**TO DO**
Please make an exact copy of the listing, without the pictures.

**GIVEN INFORMATION**

* * * *

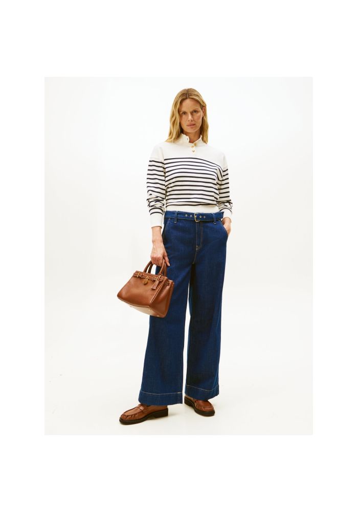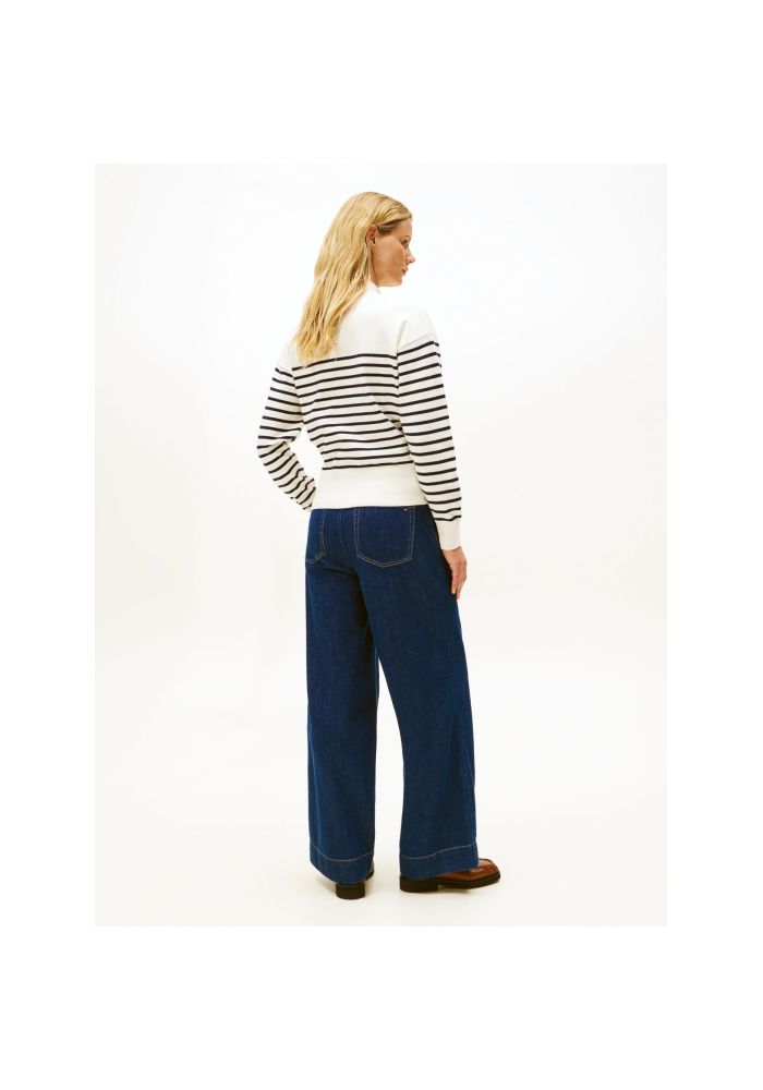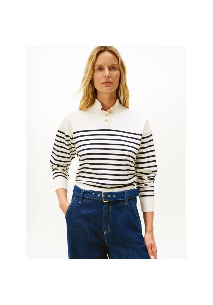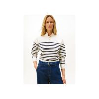 Tommy Hilfiger Γυναικεία ριγέ μπλούζα με κουμπιά WW0WW47467-0X2 Ivory
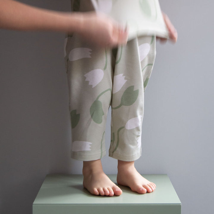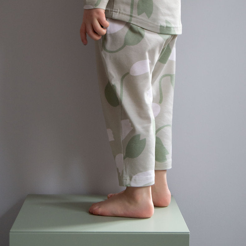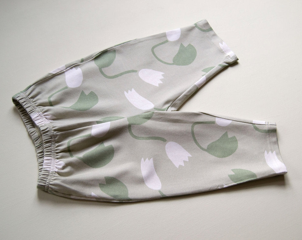 Loose and relaxed fit. Elastic on waist. Made from soft OEKO-TEX standard certified jersey material (free from any harmful chemicals).
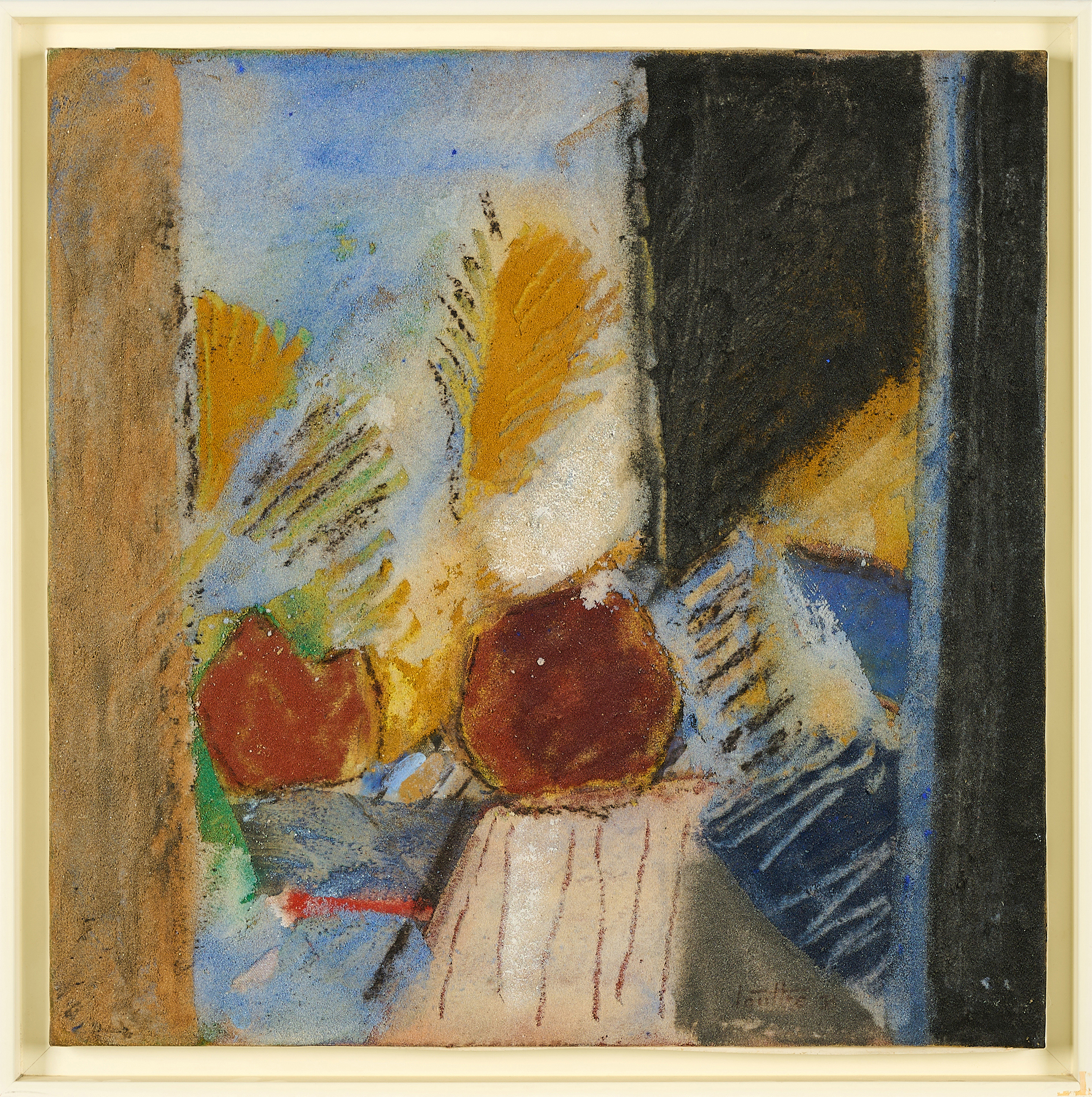 Umlaufendes Textilklebeband stellenweise gelöst. In der rechten unteren Ecke minimaler weißer Aufrieb. Ansonsten sehr guter Zustand. Das Werk wurde für die Katalogbeschreibung nicht ausgerahmt.

* * * *

**SOLUTION FOR THIS EXERCISE**
 Tommy Hilfiger Γυναικεία ριγέ μπλούζα με κουμπιά WW0WW47467-0X2 Ivory
 Loose and relaxed fit. Elastic on waist. Made from soft OEKO-TEX standard certified jersey material (free from any harmful chemicals).
 Umlaufendes Textilklebeband stellenweise gelöst. In der rechten unteren Ecke minimaler weißer Aufrieb. Ansonsten sehr guter Zustand. Das Werk wurde für die Katalogbeschreibung nicht ausgerahmt.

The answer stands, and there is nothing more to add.